# Maple Defender



## a_majoor (26 Aug 2007)

From the Sudbury Star:

http://www.thesudburystar.com/webapp/sitepages/content.asp?contentid=667450&catname=Local+News&classif=



> ACCENT: Kandahar comes to Alberta; CFB Wainwright has been transformed into a full-scale replica of the Afghan terrain where our soldiers fight the Taliban, writes Trevor Stewart
> Local News - Saturday, August 25, 2007 Updated @ 12:19:55 PM
> 
> A bright afternoon sun burns into a halted Canadian forces convoy on a road a few hundred metres from Belanday village.
> ...


----------



## Loachman (27 Aug 2007)

I'm still awaiting reviews of this ex from those that participated.

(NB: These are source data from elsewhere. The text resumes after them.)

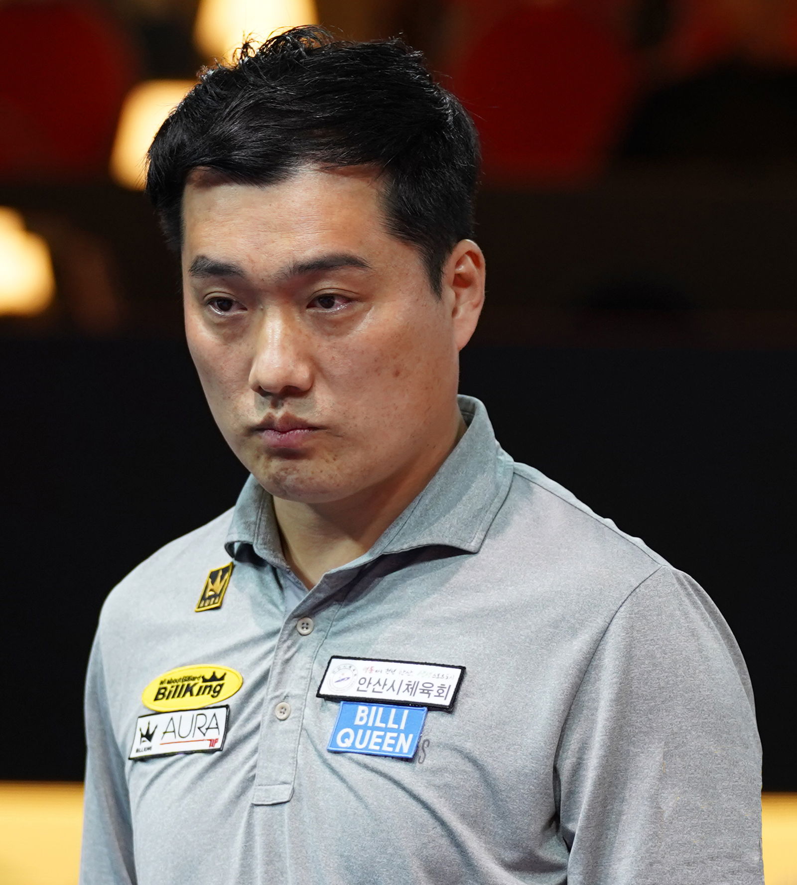 Myeong Jong Cha zorgt voor de sensatie in zijn partij tegen zijn illustere landgenoot Haeng Jik Kim. Het wordt een taaie partij tussen de twee landgenoten, die in series allebei niet boven de 5 komen. Cha is de beste starter met 14-7 in 10, waarna Kim blijft tobben en met 34-29 de finale ingaat. Op 45-35 gaat Cha uit met 2 en 5
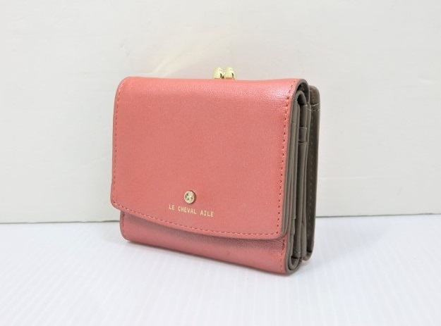 > 【中古品】 シュヴァル・エレ LE CHEVAL AILE 開運財布 がま口 三つ折り 財布 お守りコイン 光沢のあるオレンジ 〇YR-15852〇
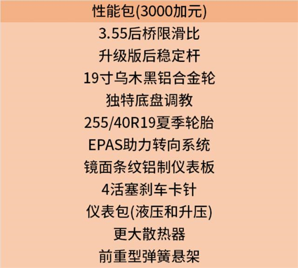 目前平行进口不管是加版、墨版、还是美版均只提供2.3T一种动力规格,而中规版本则有2.3T以及5.0L V8两种动力可供选择。在动力种类上中规版本无疑更胜一筹。
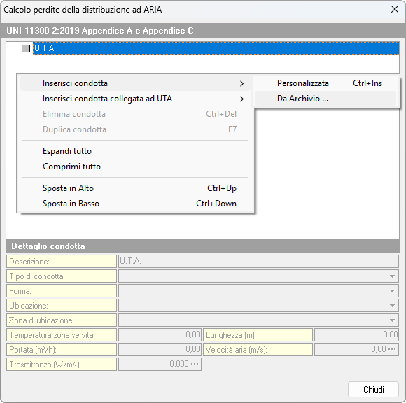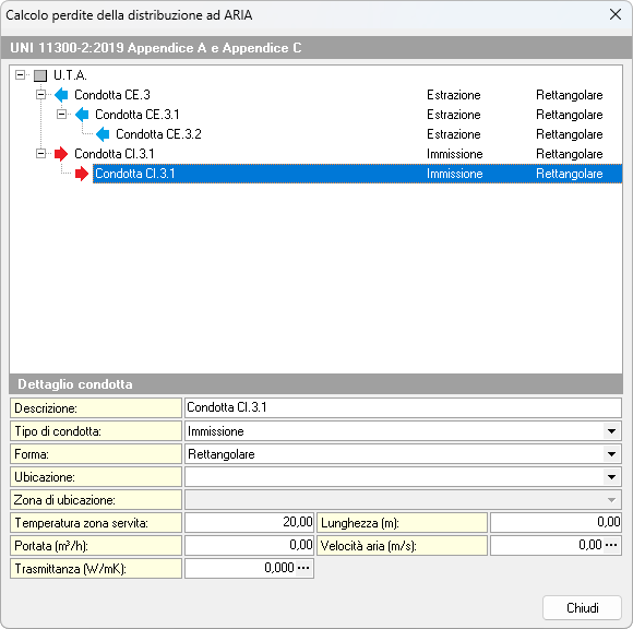 Questa finestra, analogamente a quella relativa alle perdite di distribuzione ad acqua, è divisa in due parti: nella parte superiore si trova l'elenco delle condotte, rappresentate in una struttura ad albero che può avere più livelli, partendo da quelle collegate all'UTA (allineate più a sinistra) fino ad arrivare a quelle collegate ai terminali delle utenze (allineate più a destra).
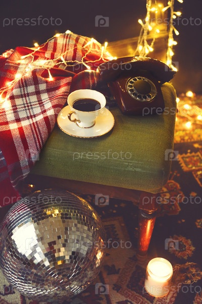 Натюрморт в канун Нового года или Рождества с ретро-телефоном, диско-шаром, кофе, свечой и одеялом
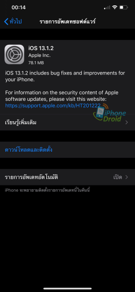ความเปลี่ยนแปลงในเวอร์ชั่น iOS 13.1.2 บน iPhone ดังนี้
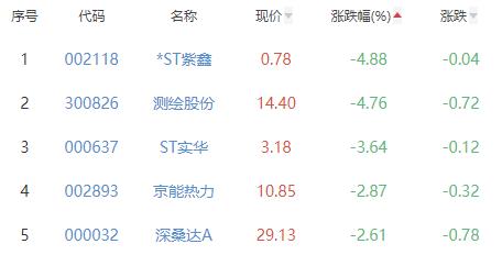 *ST紫鑫、测绘股份、ST实华、京能热力、深桑达A位列涨幅榜后五位,涨幅分别为-4.88%、-4.76%、-3.64%、-2.87%、-2.61%。
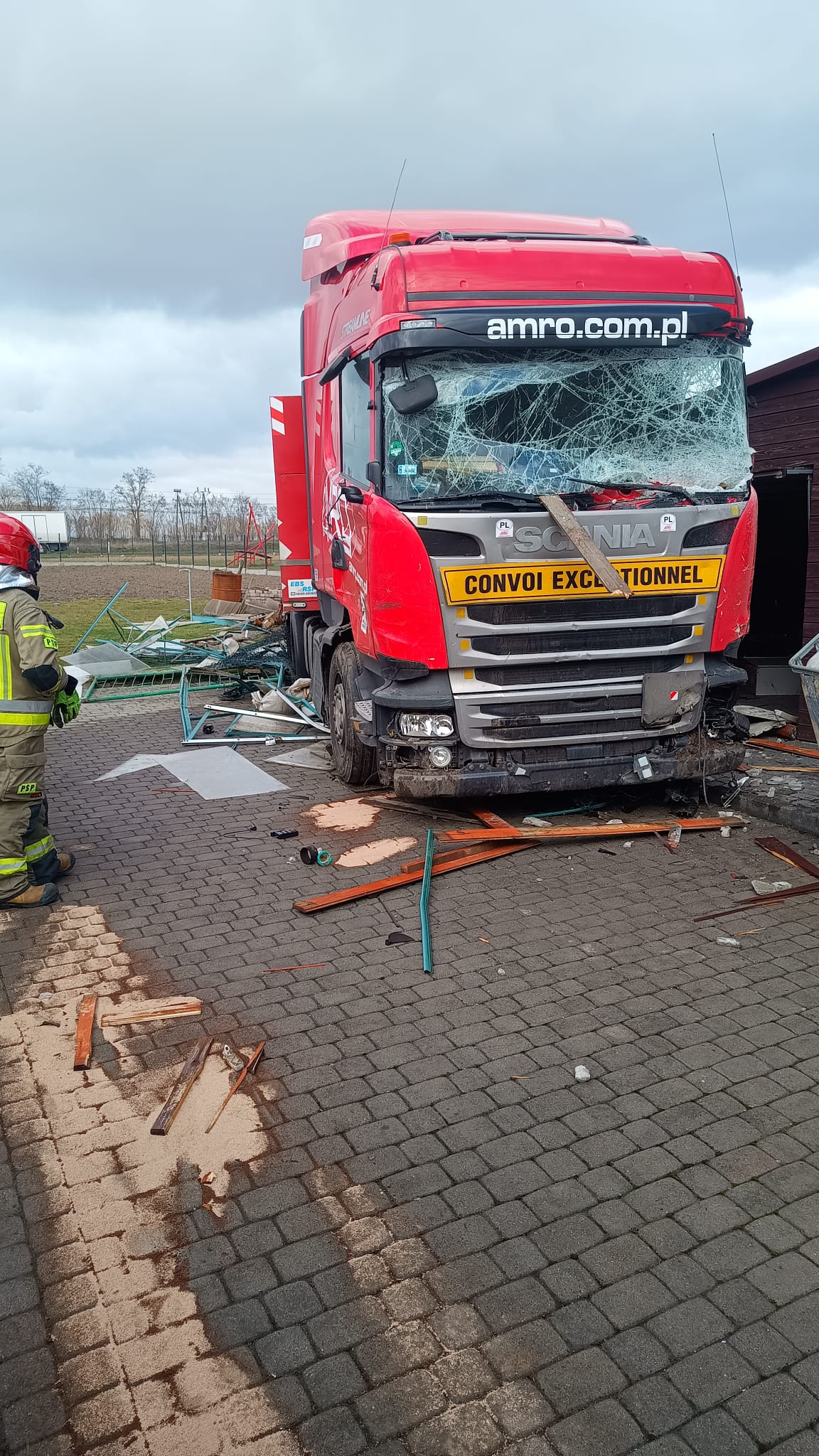 Po przybyciu na miejsce zdarzenia pierwszego zastępu Straży Pożarnej zastano TIRa (ciągnik siodłowy z otwartą naczepą) bez ładunku, który wjechał w drewniany garaż na prywatnej posesji. Kierowca pojazdu z nieustalonych przyczyn zjechał z drogi krajowej nr 15, przejechał przez plac zabaw uszkadzając ogrodzenie i wjechał na prywatną posesję również taranując ogrodzenie i zatrzymując się na drewnianym garażu (kilkadziesiąt metrów od drogi krajowej). W pojeździe znajdował się kierowca, który był przytomny lecz nie mógł wydostać się na zewnątrz, gdyż drzwi samochodu były zablokowane.
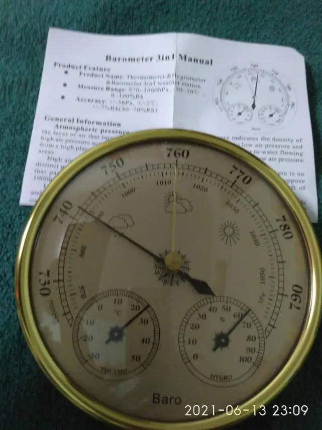 Описанию соответствует. Заказывала 2 шт, у одного немного потёртое стекло. Показания двух приборов отличаются на одно деление. Как домашний прибор свою функцию выполняет, учитывая быстро меняющуюся погоду и часто врущие службы прогнозирования погоды. С продавцом не общалась. Пришло упаковано в пакет, в котором каждый прибор был в личной коробке и каждый упакован в пузырчатую плёнку. Спасибо))) Однозначно рекомендую.
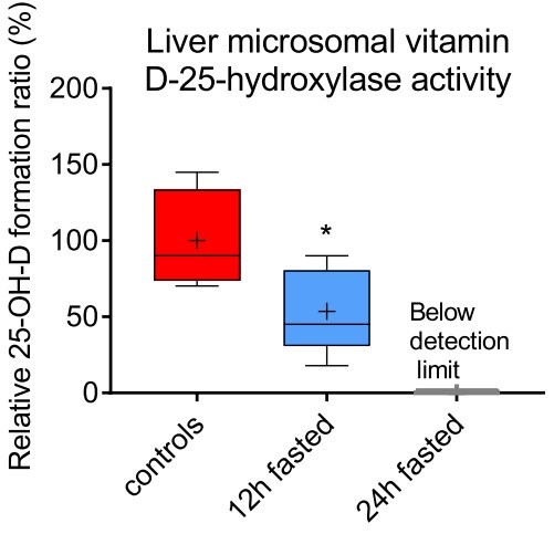 It appears in this study that Vitamin D activation in rodents is temporarily lowered by 50% by a 12 hour fast
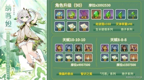 纳西妲并不怎么依赖5星武器,因为有很多4星及3星武器,也是精通副词,可以作为下位替代。
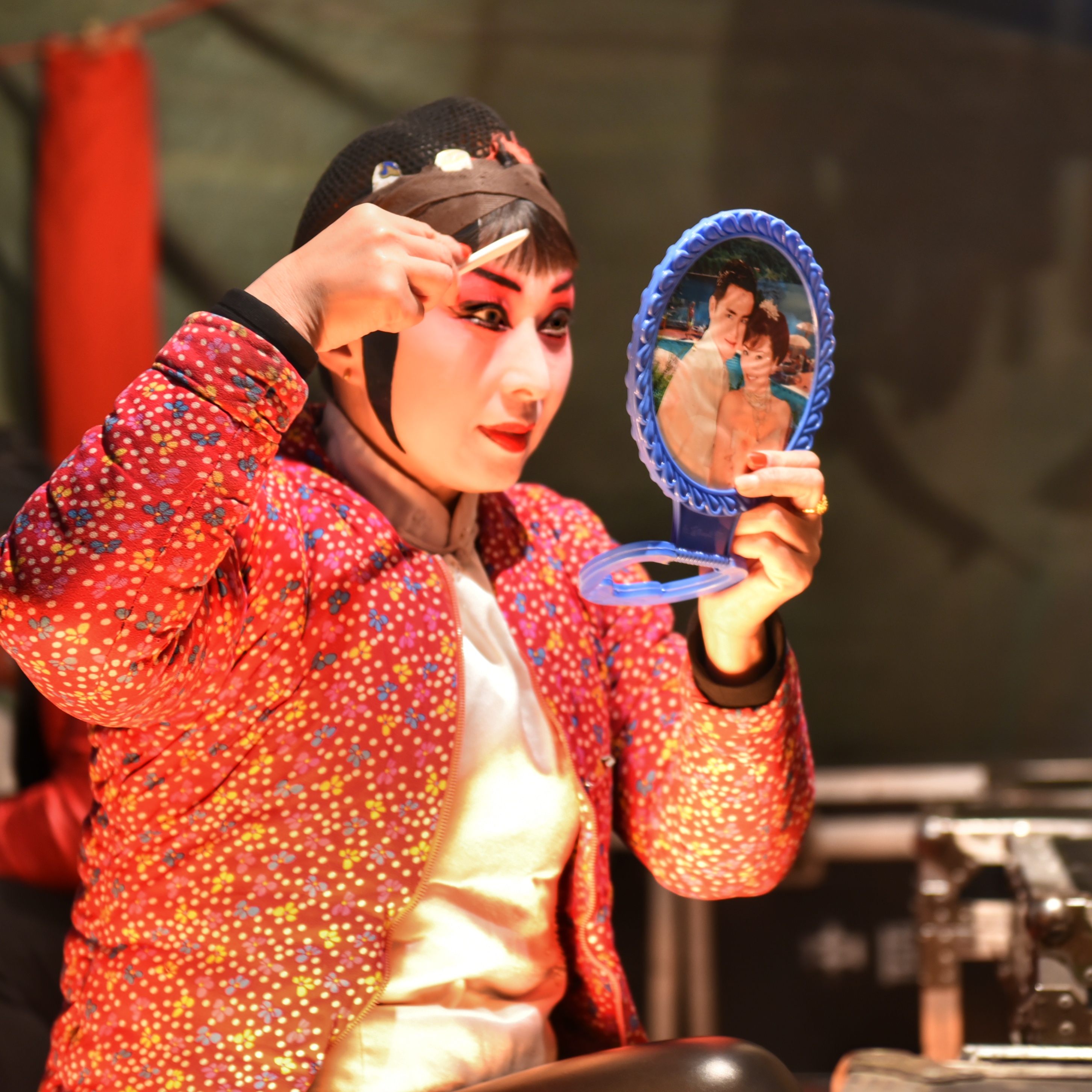 童年的記憶中我們這些頑皮的孩子,也不會(huì)依偎在父母的身旁去看、去聽自己不懂的戲曲,忙碌的后臺(tái)倒是吸引著我們的好奇心,演員的化妝、上臺(tái)前的準(zhǔn)備、五顏綠色的戲服、一張張的大花臉,都是那么的新奇、好玩。當(dāng)然此刻的我們還是那么的好奇,只是現(xiàn)在的手中多了一部單反。
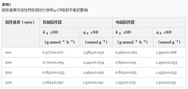 表1中的數(shù)據(jù) 也表明,攪拌速率不僅影響吸附動力學(xué),而且影響4-CP從水中的去除效率。吸附容量從1.385增加到1.520 mmol·g -1(機械攪拌器)和從1.391增加到1.510 mmol·g -1(磁力攪拌器),攪拌速度從100增加到500rpm。觀察到從20.06 4-CP的吸附容量的增加至23.04毫克克-1攪拌速度從300到600轉(zhuǎn)。然而,一些作者已報道,用增加攪拌速度只能達(dá)到一定的限度,超過此有在吸附容量無顯著增加吸附增加。在一些情況下,觀察到在更高的攪拌速率在吸附容量的降低。正如作者所提出的,這是由于這樣一個事實,即在非常高的攪拌速度下,吸附分子和吸附劑顆粒的動能增加到足以使它們相互碰撞而導(dǎo)致分離松散結(jié)合的吸附分子。
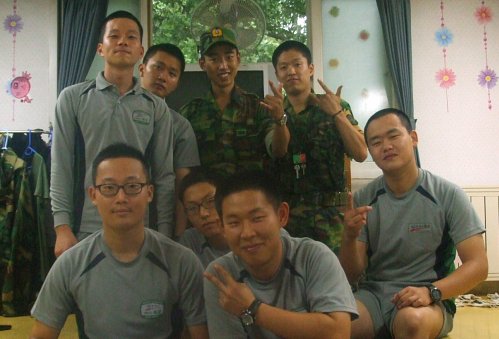 | 신병체험에 나선 이재형 소위(앞줄 맨 왼쪽)가 생활관에서 ‘선임병’들과 함께 사진을 찍고 있다. 육군 제공 |
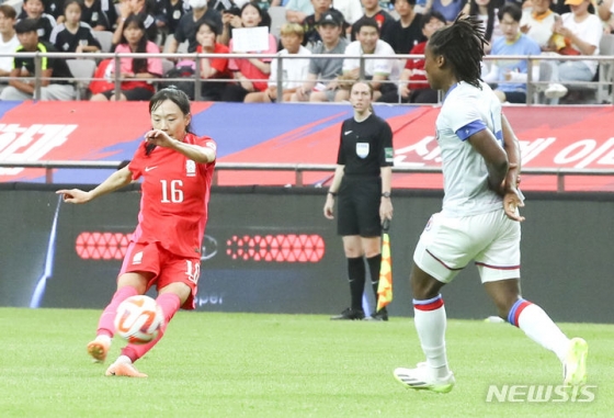 이날 한국은 피지컬을 앞세운 아이티의 공세에 고전했다. 전반에 선제골을 허용하며 분위기를 내줬다. 하지만 한국은 후반전에 완전히 달라졌다. 전반에 보여주지 못한 기동력, 패스가 점차 살아나며 뺏겻던 흐름을 되찾았다. 후반 6분 만에 조소현이 얻어낸 페널티킥(PK)을 지소연이 침착하게 차 넣어 동점을 만들었다.
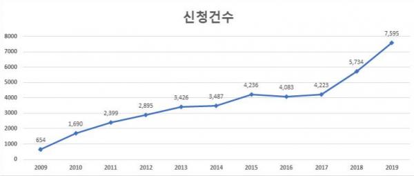 도입초기 654건에 불과하던 우선심사신청은 지속적인 증가세를 보이다가 최근 2018년 5,734건, 2019년 7,595건으로 크게 증가해 제도 도입 10년 만에 12배 가까이 급증했다.
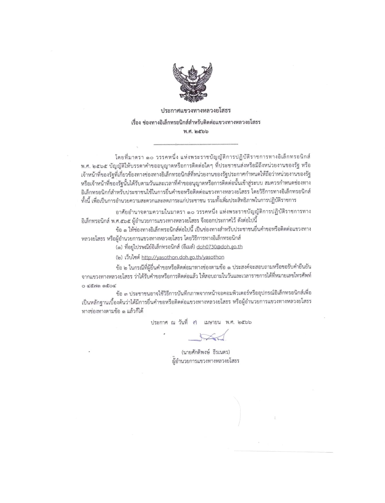 ช่องทางอิเล็กทรอนิกส์สำหรับติดต่อแขวงทางหลวงยโสธร
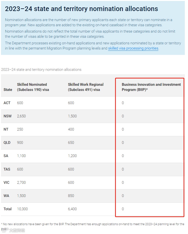 在各州的州担保数据上,商业投资移民的配额各州和领地全部清零了!这不就是澳洲各地直接把投资移民给封禁了的意思!?
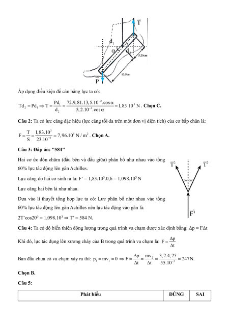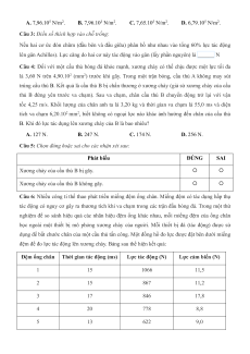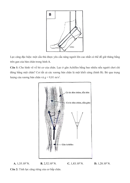 Câu 2: Tính lực căng riêng của cơ bắp chân. A. 7,96.105 N/m2. B. 7,96.103 N/m2. C. 7,65.105 N/m2. D. 6,79.105 N/m2.
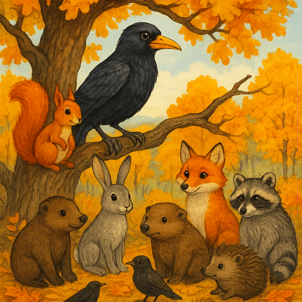 Сказка о мудром Вороне, который предупреждает лесных жителей о наступлении осени и учит их готовиться к холоду, теплу и предстоящей зимой, через дружбу и совместные дела.
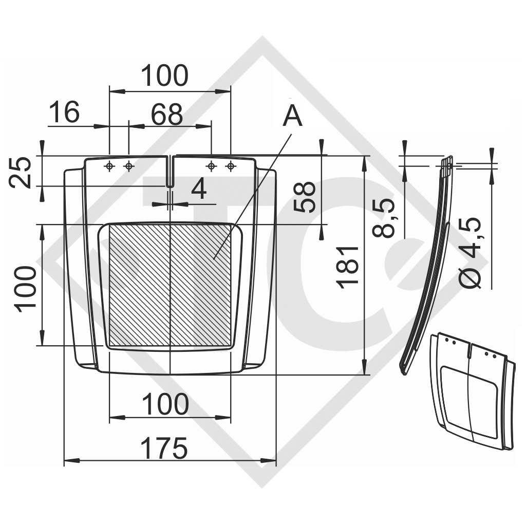 Startseite / FAHRGESTELLTEILE / FAHRGESTELLTEILE SCHLEGL / ACHSEN / ACHSEN UNGEBREMST & ZUBEHÖR / ACHSE STARR UNGEBREMST MIT BLATTFEDERUNG / ACHSE STARR UNGEBREMST 750KG / Spritzschutz passend für Kotflügel Typ EA 200 passend für alle gängigen Anhängertypen
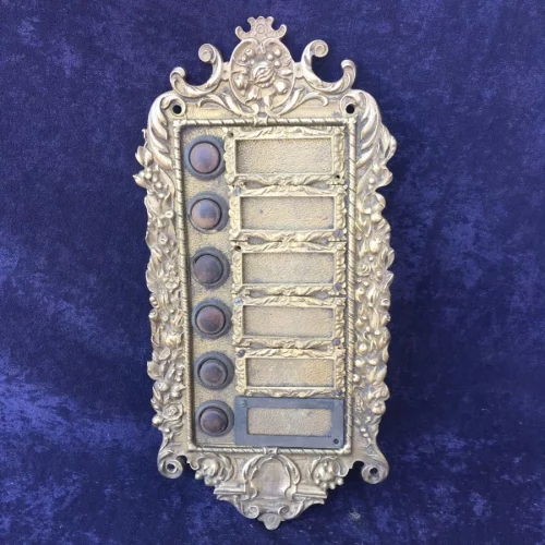 Klingelplatte Nr. 6 mit 6 Namensfelder Historismus Messing
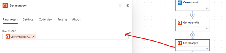 Code line for User (UPN) – ‘outputs(‘Get_my_profile’)?[‘body/userPrincipalName’]’
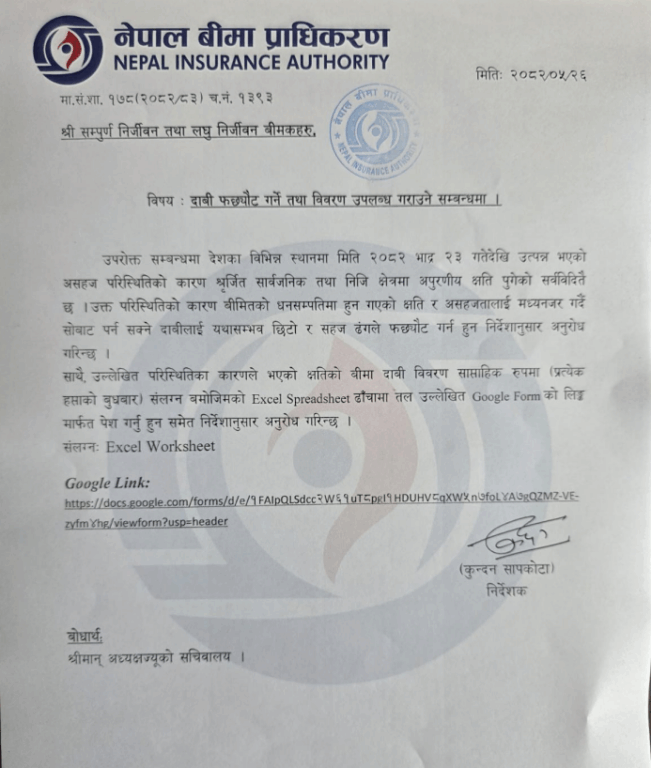 साथै, उल्लेखित परिस्थितिका कारणले भएको क्षतिको बिमा दाबी विवरण साप्ताहिक रुपमा (प्रत्येक हप्ताको बुधबार) पेस गर्न समेत प्राधिकरणले आग्रह गरेको छ ।

I was stuck on the night-shift casevac standby and have never felt so left-out and mushroom-like in any ex that I've ever been on in thirty-four years. We got no calls for our services, which was obviously good from the NODUF aspect, and were restricted to no more than about forty-five minutes of flying time in order to preserve our ability to get to one of the hospitals in Edmonton. I got far more flying time on my way out there than I did in location.

Yes, somebody had to do it - it can be somebody else next time, though.


----------



## Spanky (27 Aug 2007)

Being attached to OPFOR for this ex, I too felt out of the loop.  It was the first ex ever where I was not in one of the recce troops.  The troop my guys were a part of were extremly busy doing convoy escort duty.  It seems that the three troops did not rotate tasks as was the plan.  One troop did convoy escorts, another did O.P.s etc.


----------



## Armynewsguy (27 Aug 2007)

Here is a link to a print story that we produced on the Exercise. 

print story  http://www.armee.forces.gc.ca/lf/English/6_1_1.asp?id=2220

video story to follow.

Armynewsguy


----------



## brihard (27 Aug 2007)

It was a very interesting ex for those of us who'd not been to CMTC before (read, most of us).

I was there as a section commander for Charlie coy. The exercise was characterized throughout by lack of junior leadership; My company had 2 Capt, 2 Lts, a 2Lt, an MWO, a Sgt, 3 MCpl, andmyself as a PLQ qualified corporal for leadership. My platoon had an Lt, a MCpl as acting WO, and myself and two junior corporals as section commanders.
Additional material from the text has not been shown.